According to the invention, the center of the drill bit of the lateral mud discharging drill bit mechanism is a core cone with an angle of 40 degrees, and the outer side of the lateral mud discharging drill bit mechanism is provided with the cylindrical helical blade, so that the lateral and rear sides can be extruded for chip removal during drilling, and the accumulation of drilling cuttings at the front end is avoided. One end of the telescopic claw moves along the axial direction along with the push rod of the hydraulic cylinder, and the other end of the telescopic claw performs telescopic motion in the notch of the outer cylinder and realizes backward soil compacting motion; one of the left and right groups of telescopic claws of the front excavating propulsion body section works independently under the fixing action of the electromagnet, and the robot realizes steering movement to the other side; the front digging propulsion body section and the rear digging propulsion body section are arranged in a reverse direction; when the robot drills forwards, the drill bit and the front excavating propulsion body section work, and only the rear excavating propulsion body section moves when the robot retreats along the original movement track reversely, so that the functions of advancing, steering and retreating of the robot in a sediment stratum are realized.

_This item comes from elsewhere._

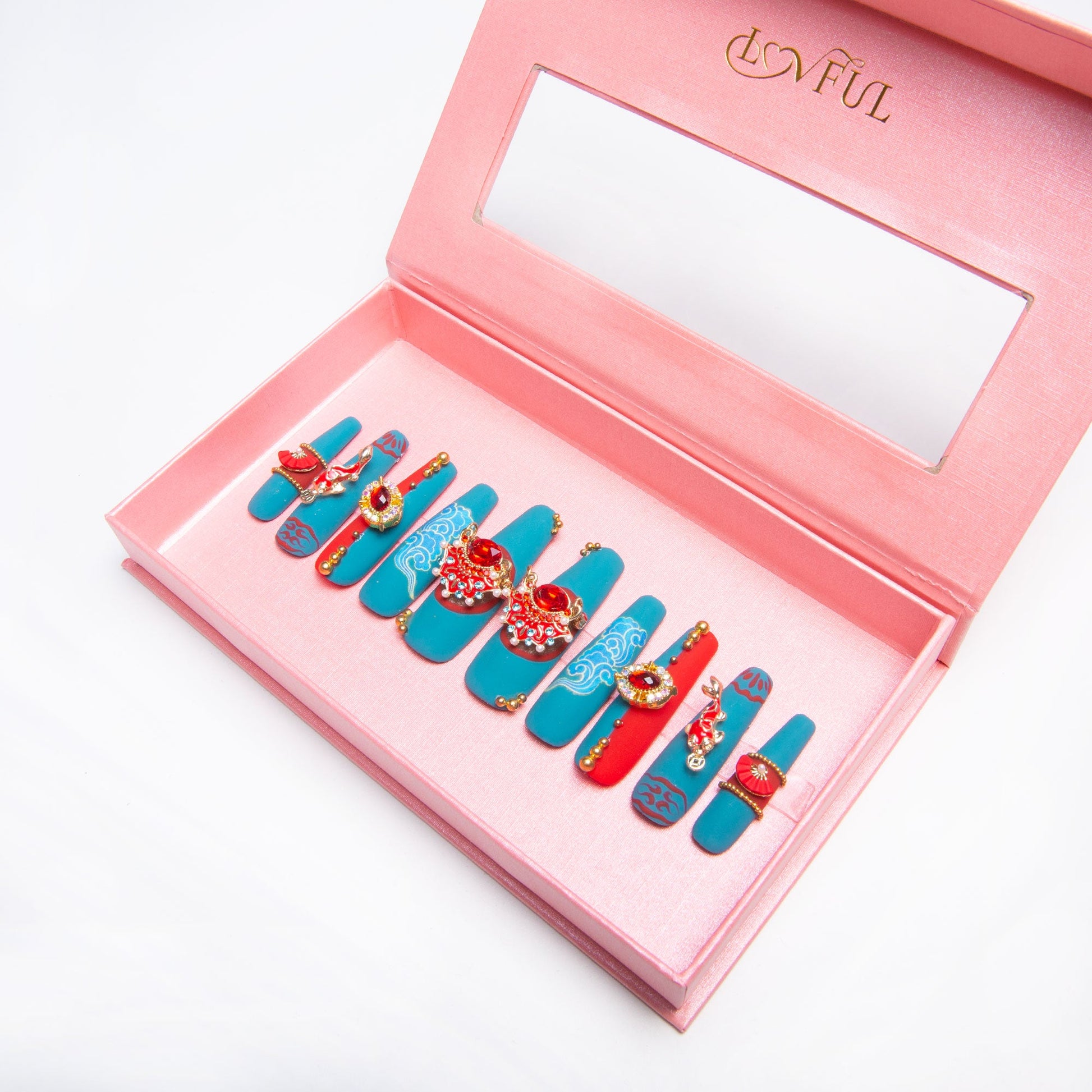 "Oriental Dream" is a stunning fusion of deep blue and vibrant red, inspired by the rich traditions of the East. Each nail captures the essence of oriental beauty, featuring iconic elements like the regal Peking opera red headwear, graceful auspicious clouds, and the timeless folding hand fan. Perfect for those who want to embrace cultural artistry with a touch of modern flair, "Oriental Dream" is your ticket to a stylish journey through time and tradition.

Compared with the prior art, the invention has the beneficial effects that:

(1) the stratum space robot scheme adopts a multi-section modular structure, each body section has independent functions, and excavation and propulsion body sections can be added according to specific working conditions to improve the movement capacity;

(2) the novel lateral mud discharging and chip guiding auger bit is designed and used, the center of the auger bit is of a conical core column structure, and the chip guiding grooves of the cylindrical helical blades are distributed outside the auger bit, so that front-end sediment soil can be drilled into the chip guiding grooves of the helical blades and extruded from the core cone to the lateral rear part during drilling, the drilling power is improved, and the drilling resistance caused by accumulation of drill chips is effectively reduced;

(3) a novel excavation mode is designed, a novel telescopic claw is pushed and pulled by a hydraulic cylinder, and the notch of a cylinder body is used as a support, so that soil around the robot can be extruded, pushed and excavated backwards;

(4) the novel telescopic claw adopts a novel arc design, the upper surface of the novel telescopic claw is prismatic to reduce resistance, and a sliding chute, a spring and an elastic plate are arranged in the novel telescopic claw, so that the maximum soil extrusion contact area can be ensured, and the influence of soil extruded into a crack on the movement of the telescopic claw can be prevented as much as possible;

(5) the plurality of telescopic claws uniformly distributed along the circumference are uniformly divided into two groups and connected to the left connecting flange and the right connecting flange, the left telescopic claw and the right telescopic claw are controlled by the electromagnet to move along with the push rod of the hydraulic cylinder, so that the digging mechanisms on the two sides of the robot are controlled to move independently, and the digging steering function of the robot can be realized by a structure which saves the most space;

(6) two same excavating propulsion body sections are reversely arranged and the tail parts of the two same excavating propulsion body sections are connected, so that the robot can advance along the drilling direction or reversely retreat along the original movement track by a simple structure.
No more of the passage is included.